The code would look like this:

name: Deploy

on:
  push:
    branches:
      - master
      
jobs:
  run:
    name: Run script
    runs-on: ubuntu-18.04

    steps:
    - name: Checkout
      uses: actions/checkout@v2

    - name: copy file via ssh key
      uses: appleboy/scp-action@master
      env:
        HOST: 145.77.248.235
        USERNAME: root
        PORT: 22
        KEY: ${{ secrets.SSH_PVT }}
      with:
        source: "test.py"
        target: "/test"

    - name: Rocket.Chat Notification
      uses: RocketChat/Rocket.Chat.GitHub.Action.Notification@master
      if: always()
      with:
        type: ${{ job.status }}
        job_name: '*Test Deploy*'
        channel: '#nixfaq'
        mention: 'here'
        mention_if: 'failure'
        url: ${{ secrets.ROCKET_WEBHOOK }}

If everything worked as expected we would get the notification in the chat and the file should be copied over to the server.

There is also support for other chat providers like Slack or you can build your own with the API and some code.

Manual Deployments

GitHub Actions being in infancy does not have a way to trigger workflows manually. This is something that people were struggling with on the internet. There are two ways to do this, Deployments and repository_dispatch events. It is best to refer to the linked GitHub API documentation for both. I prefer deployments as it is very robust and has a lot of additional features and parameters that you can pass through. First you will need to modify the first few lines to look like this:

name: Deploy

on:
  push:
    branches:
      - master
  deployment:

Then you can write a simple Python script to trigger the API:

auth_token = xxxx
headers = {'Authorization': auth_token, 'Accept': 'application/vnd.github.ant-man-preview+json', 'Content-Type': 'application/json'}
payload = {'ref': ref, 'required_contexts': [], 'task': 'test', 'auto_merge': False}
url = 'https://api.github.com/repos/:org/:repo/deployments'
r = requests.post(url, data=json.dumps(payload), headers=headers)
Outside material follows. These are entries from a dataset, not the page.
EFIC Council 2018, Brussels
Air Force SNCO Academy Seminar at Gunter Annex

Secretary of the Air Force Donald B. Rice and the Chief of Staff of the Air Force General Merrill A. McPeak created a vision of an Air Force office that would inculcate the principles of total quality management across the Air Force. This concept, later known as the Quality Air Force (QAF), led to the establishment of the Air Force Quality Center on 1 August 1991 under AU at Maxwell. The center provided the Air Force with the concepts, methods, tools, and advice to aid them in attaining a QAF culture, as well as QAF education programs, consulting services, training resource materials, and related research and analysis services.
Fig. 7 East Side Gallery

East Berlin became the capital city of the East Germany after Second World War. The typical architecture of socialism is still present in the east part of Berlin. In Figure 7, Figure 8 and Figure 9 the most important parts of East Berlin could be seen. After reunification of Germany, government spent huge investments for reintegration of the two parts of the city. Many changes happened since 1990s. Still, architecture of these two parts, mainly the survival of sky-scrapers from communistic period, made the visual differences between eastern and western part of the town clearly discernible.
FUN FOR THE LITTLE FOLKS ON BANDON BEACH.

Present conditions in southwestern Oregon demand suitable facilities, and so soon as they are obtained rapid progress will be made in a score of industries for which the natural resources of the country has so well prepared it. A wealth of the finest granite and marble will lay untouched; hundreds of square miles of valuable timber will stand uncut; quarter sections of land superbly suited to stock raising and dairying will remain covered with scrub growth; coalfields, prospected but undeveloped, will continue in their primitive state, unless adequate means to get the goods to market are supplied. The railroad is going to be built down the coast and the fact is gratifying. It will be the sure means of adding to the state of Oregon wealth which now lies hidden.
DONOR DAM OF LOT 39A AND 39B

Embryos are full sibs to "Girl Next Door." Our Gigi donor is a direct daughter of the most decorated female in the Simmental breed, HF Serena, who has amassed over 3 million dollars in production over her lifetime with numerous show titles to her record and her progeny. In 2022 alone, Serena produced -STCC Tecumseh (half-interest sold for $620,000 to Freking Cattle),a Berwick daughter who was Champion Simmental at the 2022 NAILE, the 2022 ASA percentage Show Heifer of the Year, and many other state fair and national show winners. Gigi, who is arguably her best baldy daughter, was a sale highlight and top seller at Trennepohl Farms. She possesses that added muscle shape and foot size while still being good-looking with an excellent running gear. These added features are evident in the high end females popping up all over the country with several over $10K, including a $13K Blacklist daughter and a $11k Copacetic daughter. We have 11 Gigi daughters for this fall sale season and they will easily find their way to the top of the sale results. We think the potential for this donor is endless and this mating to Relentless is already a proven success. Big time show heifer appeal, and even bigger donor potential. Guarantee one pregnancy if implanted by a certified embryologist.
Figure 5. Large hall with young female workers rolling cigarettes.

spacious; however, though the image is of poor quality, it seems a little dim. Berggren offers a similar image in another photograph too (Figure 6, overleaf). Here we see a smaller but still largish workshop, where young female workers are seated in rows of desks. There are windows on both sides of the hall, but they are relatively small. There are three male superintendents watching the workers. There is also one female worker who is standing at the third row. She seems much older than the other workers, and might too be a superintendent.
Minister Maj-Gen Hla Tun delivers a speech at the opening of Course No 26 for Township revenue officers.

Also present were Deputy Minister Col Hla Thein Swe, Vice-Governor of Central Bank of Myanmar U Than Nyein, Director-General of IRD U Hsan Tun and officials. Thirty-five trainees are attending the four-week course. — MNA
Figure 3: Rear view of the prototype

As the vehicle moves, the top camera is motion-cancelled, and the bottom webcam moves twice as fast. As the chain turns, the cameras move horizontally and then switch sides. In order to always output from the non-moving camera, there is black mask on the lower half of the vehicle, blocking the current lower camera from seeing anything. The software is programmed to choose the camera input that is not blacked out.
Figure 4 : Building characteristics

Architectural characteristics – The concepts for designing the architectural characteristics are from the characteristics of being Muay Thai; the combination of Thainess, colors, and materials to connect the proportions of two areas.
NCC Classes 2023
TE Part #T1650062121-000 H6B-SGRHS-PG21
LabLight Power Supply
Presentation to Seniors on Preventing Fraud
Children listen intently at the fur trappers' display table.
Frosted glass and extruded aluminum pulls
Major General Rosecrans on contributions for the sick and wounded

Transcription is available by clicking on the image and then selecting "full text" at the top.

Replace :org and :repo with the organisation and repo name. You will also need to supply a token from GitHub settings with the :repo scope and that user will need to have admin privileges to this repository. You can also refer to the tasks passed in your workflow script with an if statement for steps or jobs like if: github.event.deployment.task == 'test'.

It is best to wrap this code around some helper script or application that can be a part of the overall deploy process.

Self hosted runners

It is also possible for you to run your own runners with self hosted runners if you do not want to use GitHub’s servers. For Kubernetes support I’ve found this project useful, but things are still very work in progress. There is no official support from GitHub, meaning things are still very buggy.